Wednesday 6 January 2016

Where there is love, there is hope.

So I'm struggling to find how to write at the moment. There is a huge gap in our lives. The way I saw January panning out was trips between hospitals. I would have chemo and I would have Ally. Hospital 1, drugs in my arm. Hospital 2, drugs in my heart. You see Ally was a drug to me. She was motivation, positivity, love and so much more. Now she is gone I'm on a huge come down. I would say withdrawal but that would suggest that I'll be ok at the end.
What I can say with regards to hope is that there is some. I have two beautiful little boys and one large one to look after. I think if I lean right down, tilt my head and squint I can see the light at the end of the tunnel but wow it's hard to see.

My friend Lizzie can tell you a lot more. I've mentioned her before and she is the first person I thought of when it all started to get dark. She is the reason I started this blog and also the reason why I won't stop.

Please read.

Lizzie. Thank you xxxx

http://www.thesunwillcomeup.blogspot.co.uk/

8 comments:

LLM Calling said...

My prayers are continuing to surround you Heidi and your family and especially with Ally as she watches over you all from heaven. I know words are never enough but there all we have xx

LLM Calling said...

My prayers are continuing to surround you Heidi and your family and especially with Ally as she watches over you all from heaven. I know words are never enough but there all we have xx

Kate said...

So sorry for your loss and all you have had to go through. Sending all the positive thoughts and prayers to you and yours.

Unknown said...

I've been reading your blogs and my heart is heavy for your loss but its also praying and giving hope to you and your family. I wish you all the best. Your a strong and courageous lady. Xx

hilsbury said...

Heidi, you and your family are in my thoughts every day. Love Hils xxx

Bernadette said...

One step at a time girl, one step at a time! When you are finding it hard just remember your stalkers are right behind you, pushing your back with full force to make sure you take that step forward and the next and the next. We are pushing you up that hill and will continue to push until you reach the top, until you are ok with life and feel you can walk on your own again. Ok all together now, pushhhhhh!!!!

Syster Magi said...

You are in my thoughts! Be strong and win!
Hugs and a lot of love!

Kamilla Picon said...

Olá, espero que não te incomode uma mensagem em português! Acabei de ler sua história em um site popular do meu país, realmente me senti sensibilizada com sua história, principalmente com sua coragem em postergar o tratamento, fiquei impressionada pois agora mesmo me sentia mal com os problemas do meu país, que ultimamente se multiplicam e sinto que impactam o meu progresso e dos demais brasileiros como: Políticos, impostos, corrupção, burocracia, crise econômica, e alguns problemas pequenos pessoais. Enfim realmente você é corajosa e teve muita força até agora e tanta fé que me faz sentir obrigação de acreditar mais na vida. Obrigada por ser esse exemplo incrível!!

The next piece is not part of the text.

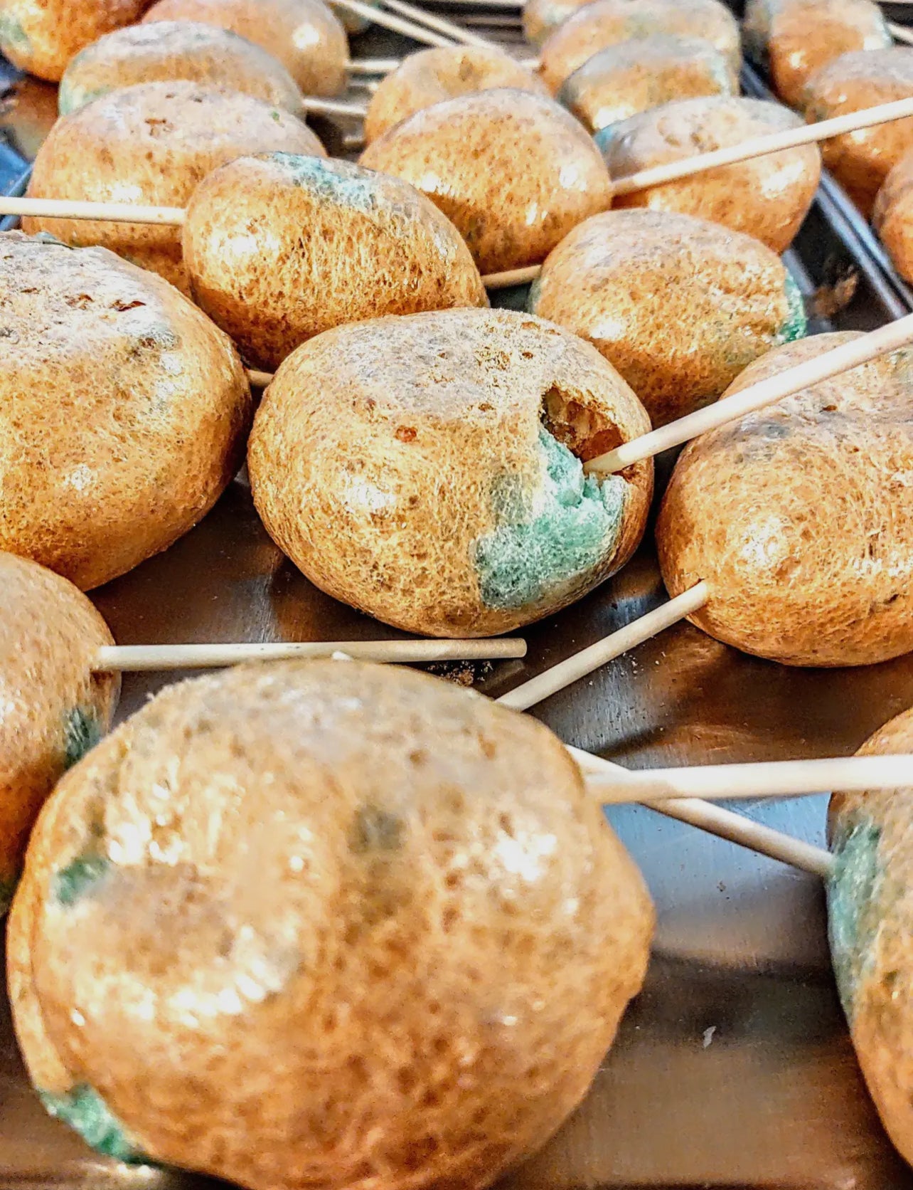 Green Apple candy inside that expands and becomes the texture of a big puffy Cheeto with crunchy light caramel on the outside!

Eu realmente não sirvo para dar conselhos e acho que pela pouca experiência que eu tenho de vida, que eu talvez não tenha algum valioso para você, somente recomendo manter a sua coragem e otimismo, mesmo que durante o dia você tenha momentos de tristeza que são perfeitamente normais, olhe o lado bom de tudo, sempre, e sempre tem...

Tem um livro que eu gosto muito e recomendo, não sou religiosa, nem pense que se trata de um livro de assombração, talvez você já tenha ouvido falar em: O livro dos Espíritos de Allan Kardec. ÓTIMA LEITURA para a vida.
Mais uma vez muito obrigada! Melhorou meu dia! E muitos outros também, seus filhos são fofos demais...

Boa sorte em seu tratamento já conta com muitas energias positivas para seu tratamento e acredite nelas são reais quando você quer... Estou na torcida.